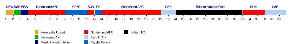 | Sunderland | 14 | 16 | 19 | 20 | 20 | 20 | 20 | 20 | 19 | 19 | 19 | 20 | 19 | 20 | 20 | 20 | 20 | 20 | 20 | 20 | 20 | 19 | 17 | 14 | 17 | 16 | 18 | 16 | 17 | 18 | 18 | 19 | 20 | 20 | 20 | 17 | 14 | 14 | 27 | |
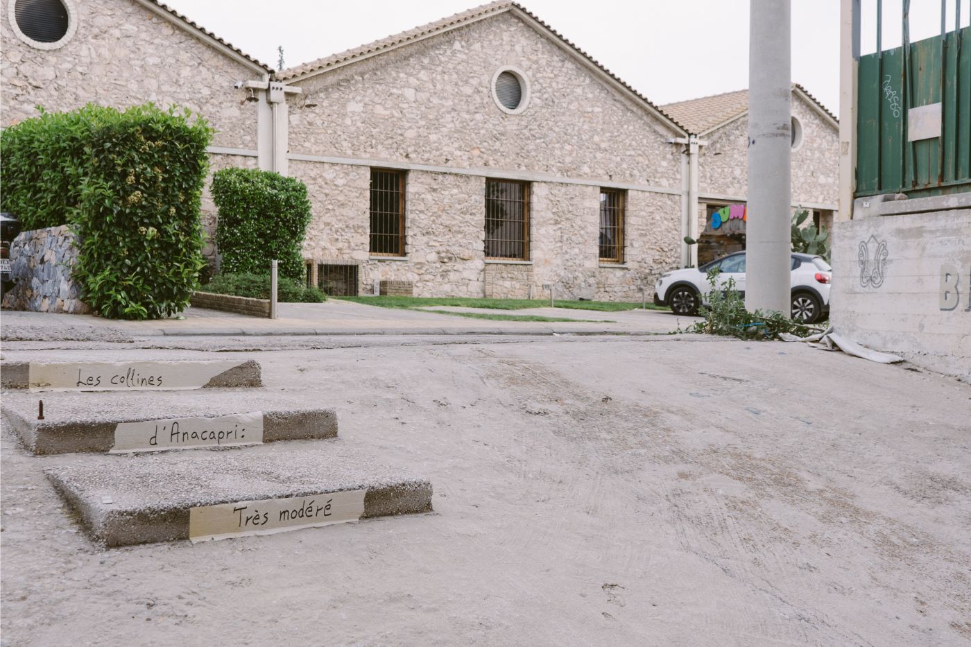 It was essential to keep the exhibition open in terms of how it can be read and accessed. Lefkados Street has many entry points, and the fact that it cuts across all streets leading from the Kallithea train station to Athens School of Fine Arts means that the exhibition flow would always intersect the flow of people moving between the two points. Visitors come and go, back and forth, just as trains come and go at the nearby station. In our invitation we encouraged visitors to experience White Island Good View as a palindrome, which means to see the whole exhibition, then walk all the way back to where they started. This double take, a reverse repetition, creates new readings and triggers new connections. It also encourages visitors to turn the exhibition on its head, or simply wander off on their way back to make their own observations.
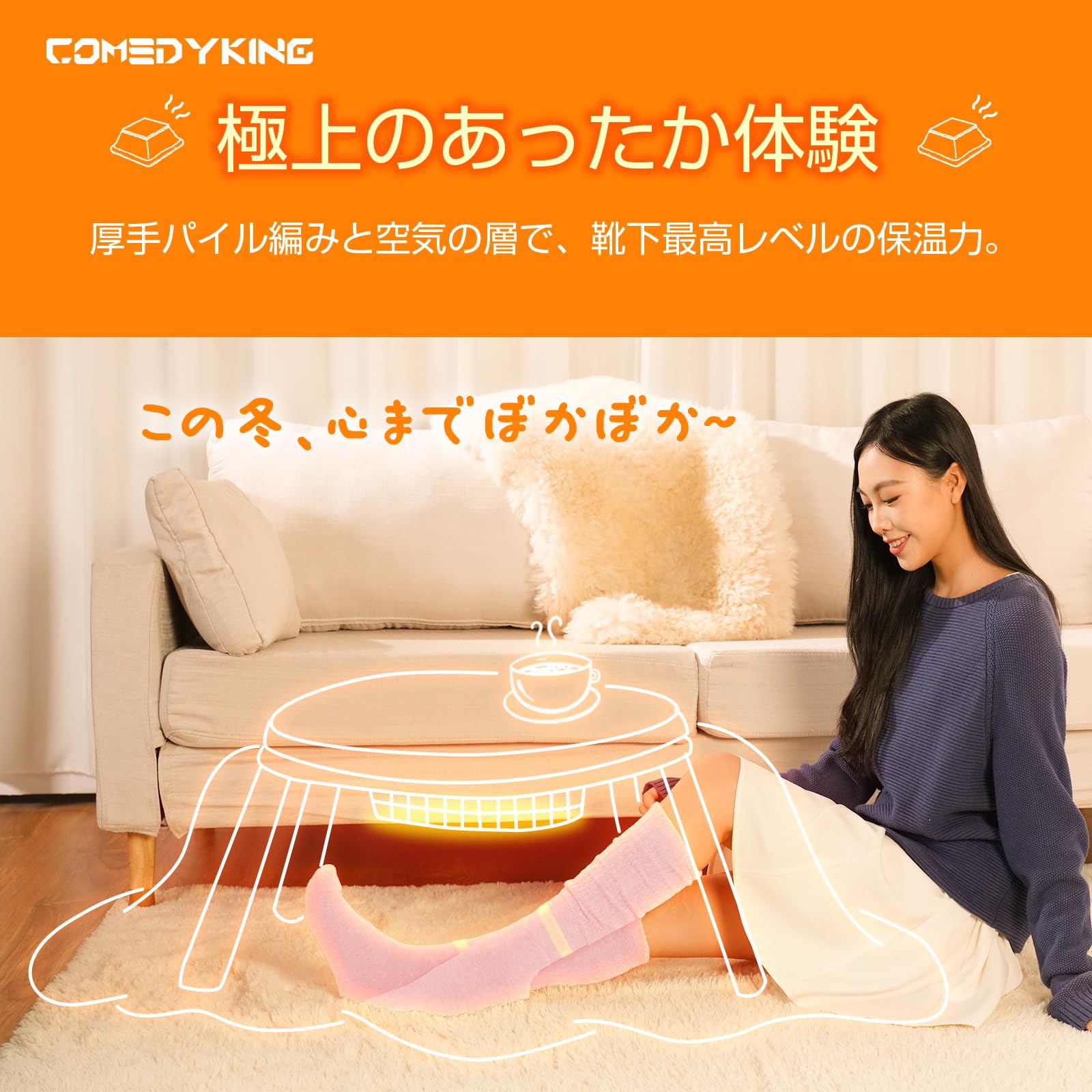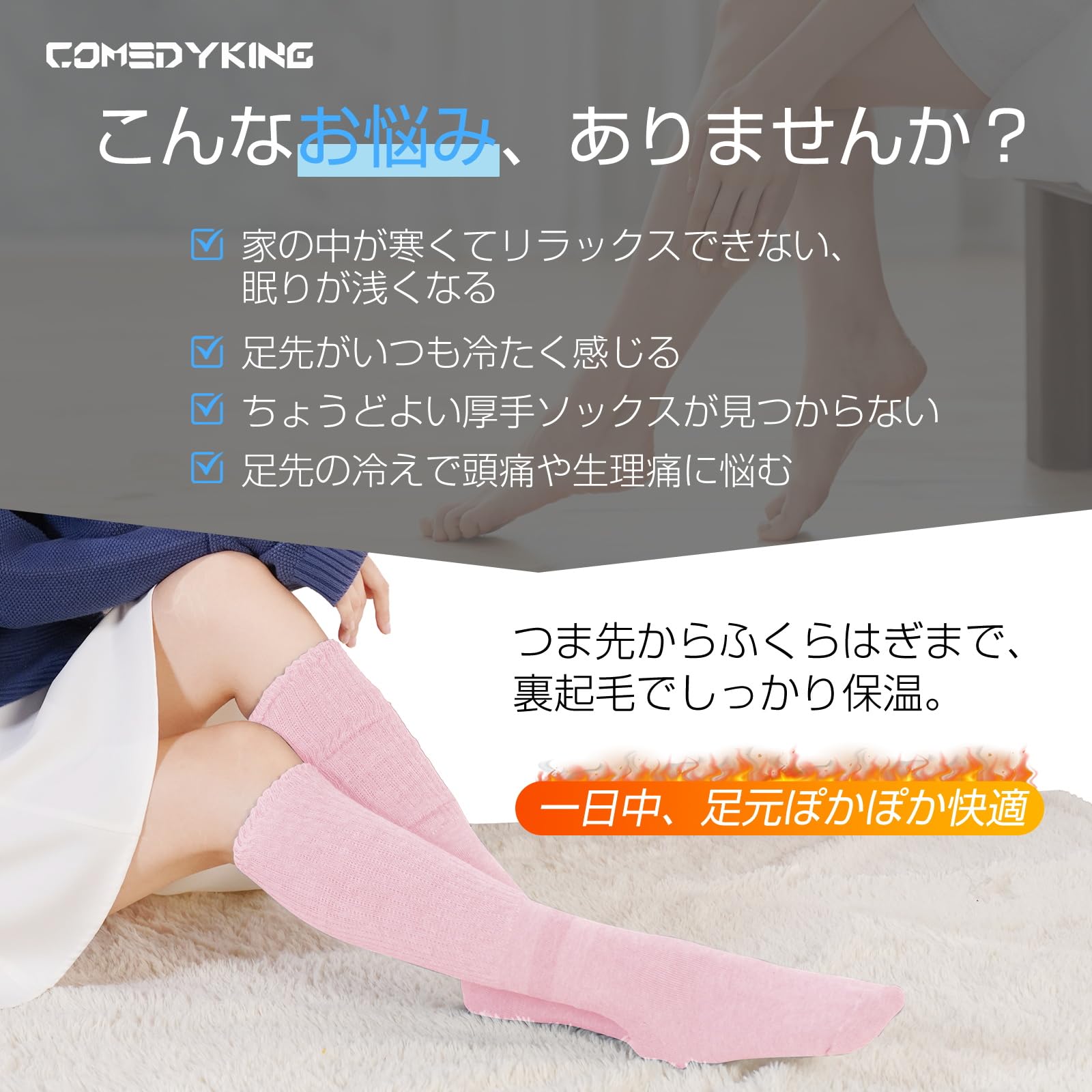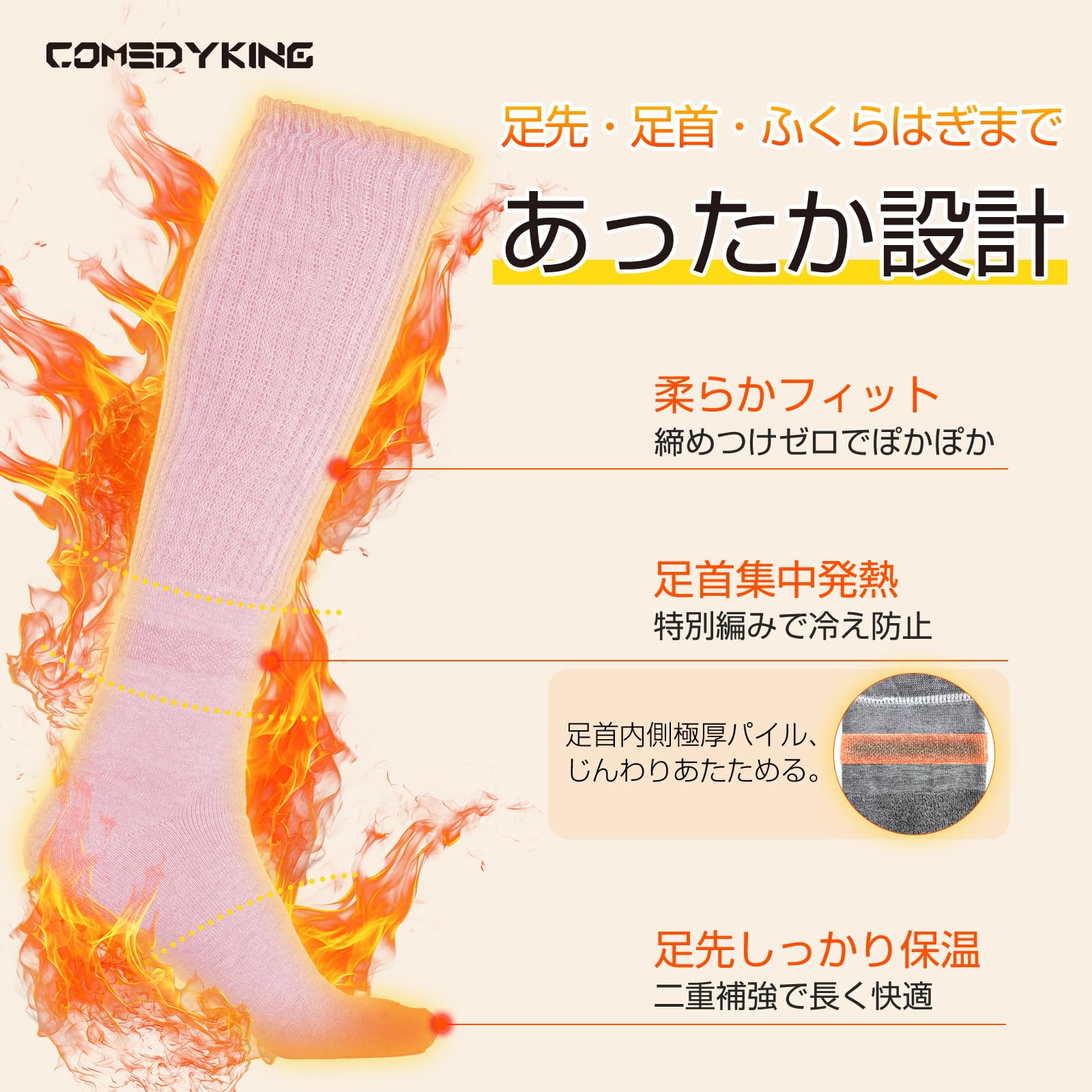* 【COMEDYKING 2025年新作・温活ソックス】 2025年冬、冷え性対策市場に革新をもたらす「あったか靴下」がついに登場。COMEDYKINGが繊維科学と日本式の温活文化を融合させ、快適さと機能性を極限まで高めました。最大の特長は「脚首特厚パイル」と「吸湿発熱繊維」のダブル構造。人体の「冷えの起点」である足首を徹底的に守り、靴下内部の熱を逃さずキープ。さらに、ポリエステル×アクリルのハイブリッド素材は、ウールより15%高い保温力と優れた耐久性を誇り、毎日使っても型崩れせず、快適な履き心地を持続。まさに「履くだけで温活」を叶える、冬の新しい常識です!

...

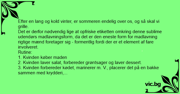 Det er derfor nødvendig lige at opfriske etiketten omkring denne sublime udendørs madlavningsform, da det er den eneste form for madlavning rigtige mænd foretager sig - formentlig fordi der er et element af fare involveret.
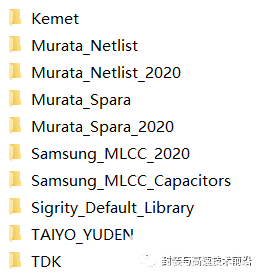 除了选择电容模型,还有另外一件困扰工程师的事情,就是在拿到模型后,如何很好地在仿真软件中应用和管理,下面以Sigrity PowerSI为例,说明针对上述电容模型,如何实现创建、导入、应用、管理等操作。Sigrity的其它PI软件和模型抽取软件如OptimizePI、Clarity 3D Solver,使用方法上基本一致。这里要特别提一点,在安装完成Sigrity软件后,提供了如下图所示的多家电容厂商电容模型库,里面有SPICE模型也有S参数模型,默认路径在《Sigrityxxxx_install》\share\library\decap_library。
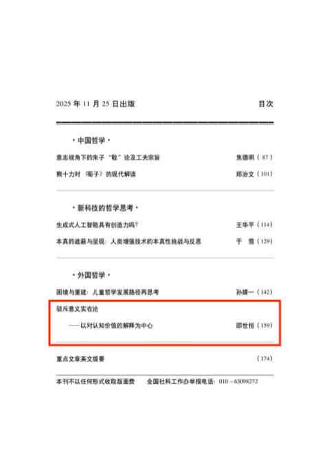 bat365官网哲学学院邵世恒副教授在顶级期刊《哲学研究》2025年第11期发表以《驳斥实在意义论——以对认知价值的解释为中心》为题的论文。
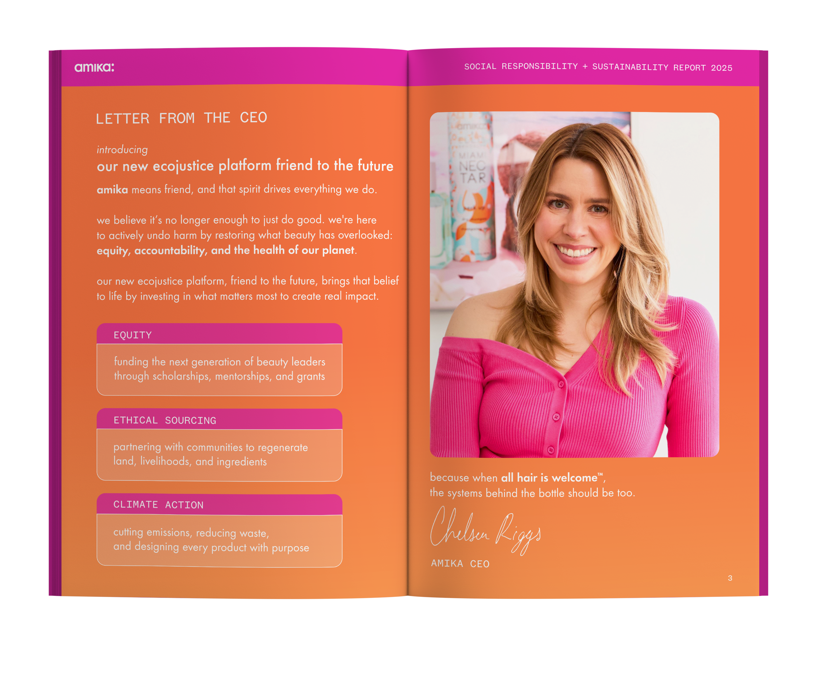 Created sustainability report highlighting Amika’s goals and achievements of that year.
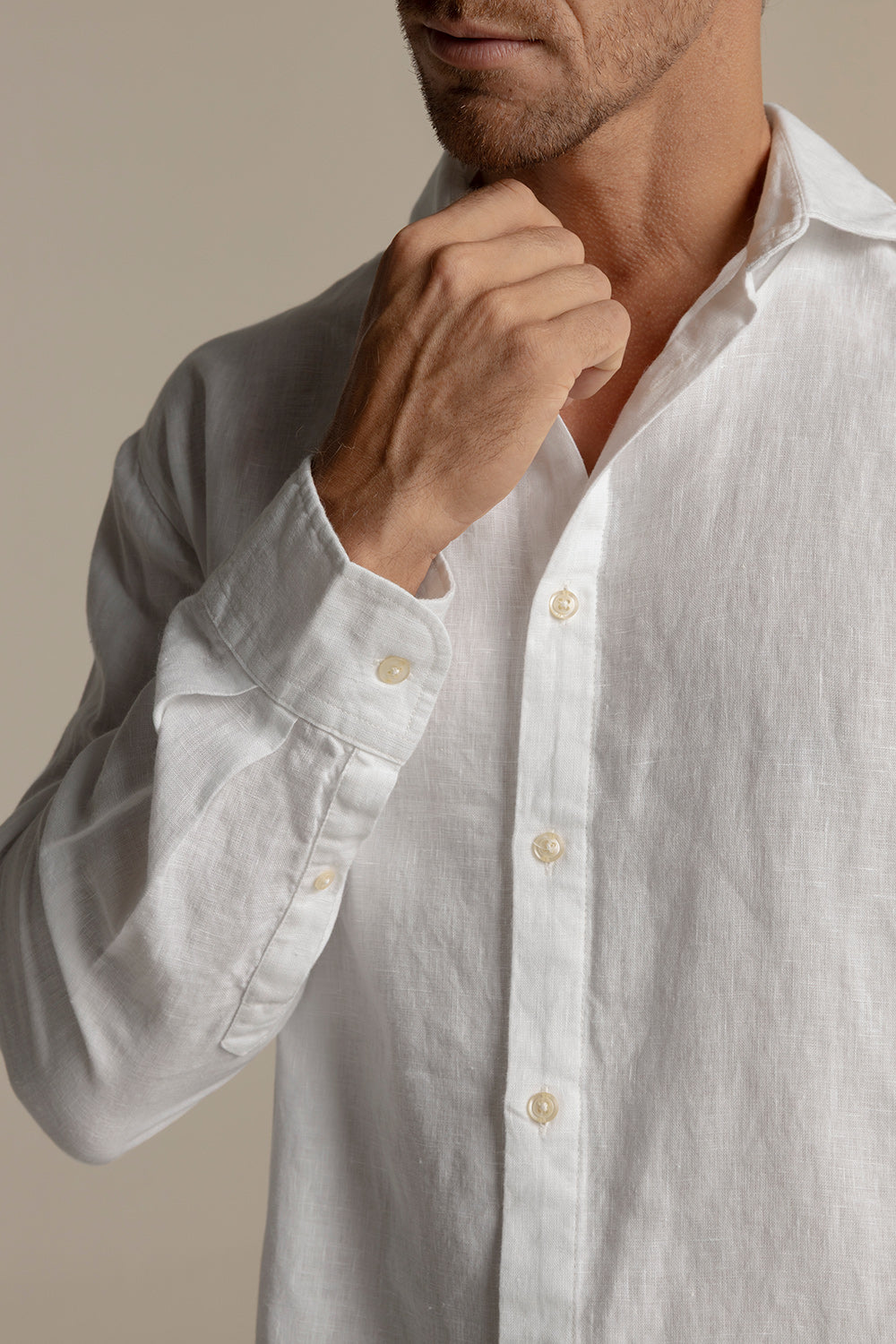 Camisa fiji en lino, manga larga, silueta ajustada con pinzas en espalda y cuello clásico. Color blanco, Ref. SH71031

## [Problem to work on]
Among the entries above, copy exactly the stretch from the line holding "Created sustainability report" through the line holding "Camisa fiji en", leaving out any pictures.

## [Task result]
 Created sustainability report highlighting Amika’s goals and achievements of that year.
 Camisa fiji en lino, manga larga, silueta ajustada con pinzas en espalda y cuello clásico. Color blanco, Ref. SH71031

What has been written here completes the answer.